Garcia stared at the other man. At this man who threatened to take away his platoon. Who wouldn’t say shit when battalion sent down some hotshot to take over. Staff Sergeant McCullough, maybe. Or some gunny who wanted to play lieutenant for a week.

“They’re feeling a hundred percent, sir,” Garcia told him. “We just need an ammo drop.”

He knew he wasn’t speaking for every one of his Marines. Some of them wanted to move out and mix it up, while others would’ve been glad for any excuse to go below decks and sleep until it was all over. But this was what they’d signed up for. He wasn’t going to let anybody just walk. They had
business
to do.

It was screwy, but he felt two ways at once. Since the fight in the village the night before, he felt closer to his Marines than ever before. And he felt apart from them, too. Separate. In a new way.

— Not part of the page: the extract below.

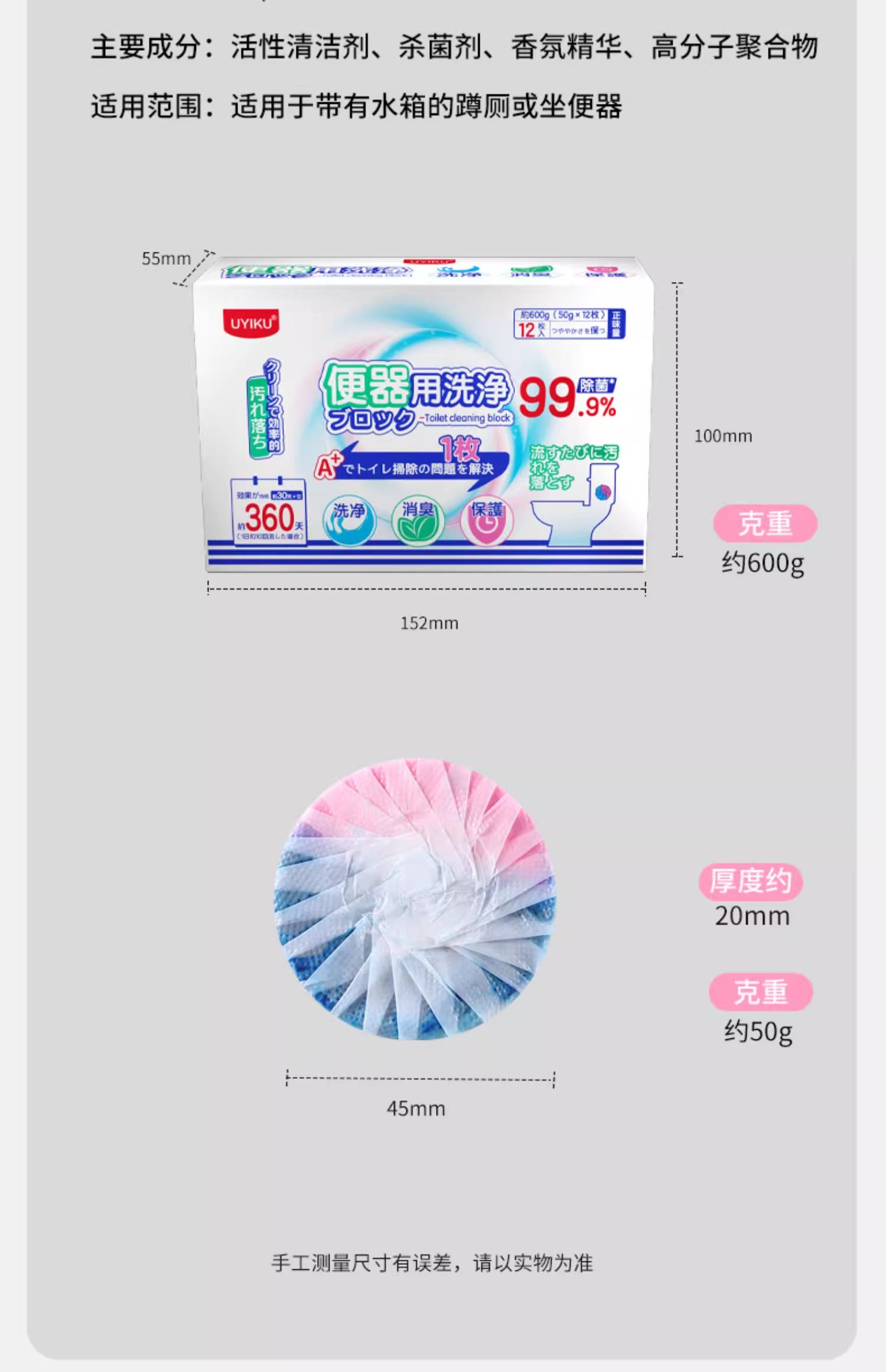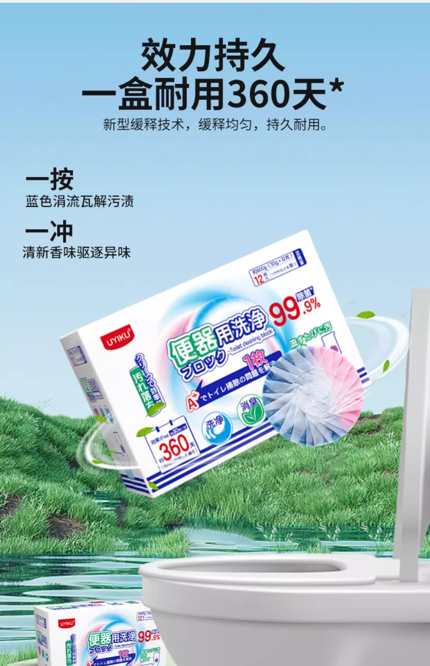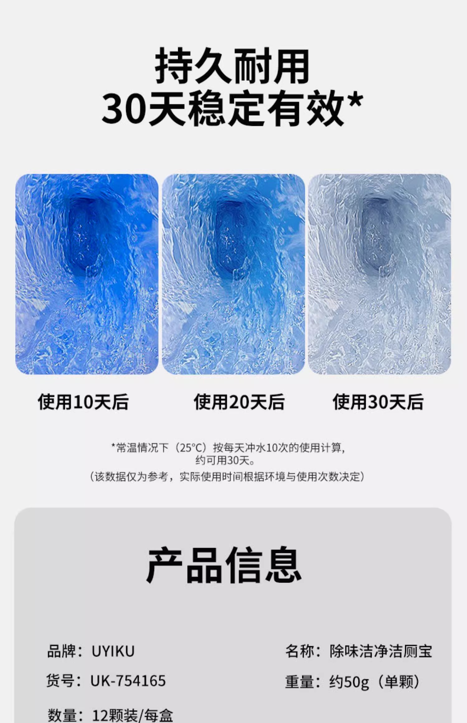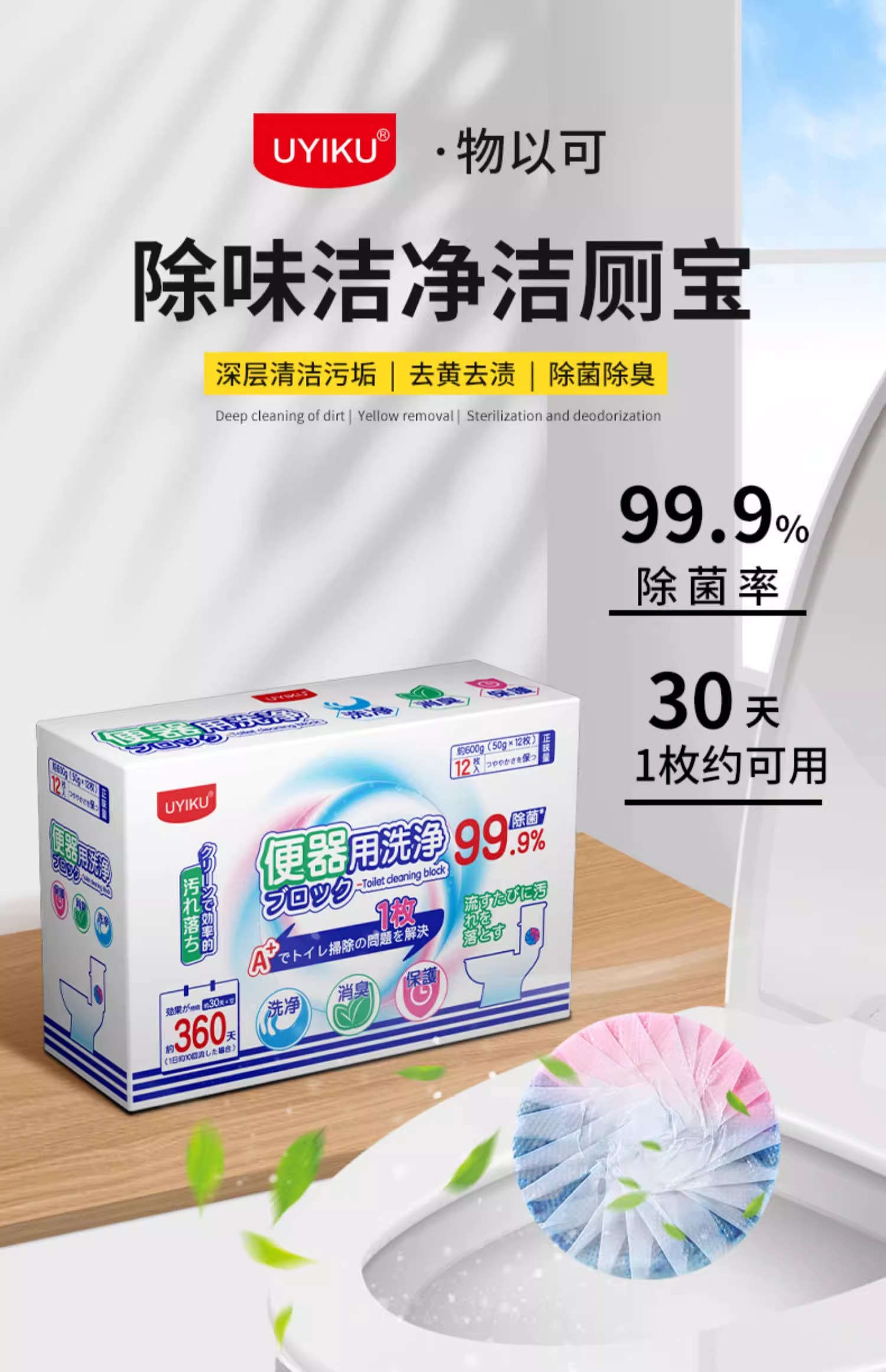 UYIKU物以可马桶洁厕灵花香洁厕宝泡泡除臭神器去异味厕所强力除垢去污渍12枚/1盒(单位:盒) 混色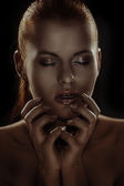 Młoda dziewczyna z zamkniętymi oczami i piękny makijaż

Down in the valley, some tanks were duking it out. The 155s were dropping closer in now. Garcia couldn’t see the fight as he walked, but smoke rose and thinned, veiling the horizon. His back hurt pretty bad. But you just kept on humping. His elbow was half-fucked, too. It didn’t matter. He felt like calling cadence, like singing out.
Un poco loco
.

Hey, ma, I wanna go,
Right back to Quantico . . .

Well, the platoon was too spread out to hear him. With the big boys clanking in between them. He called cadence to himself, anyway.

A wave of tiredness hit him, almost stopping him cold. Then the buzz came back. Just like that. But his damned back hurt. Too loaded down. Lugging all your stuff around, like some homeless bum back on the block. He looked, enviously for once, at the Army grunts riding by, sticking up through the hatches like Mexican kids standing behind the cab of a pickup.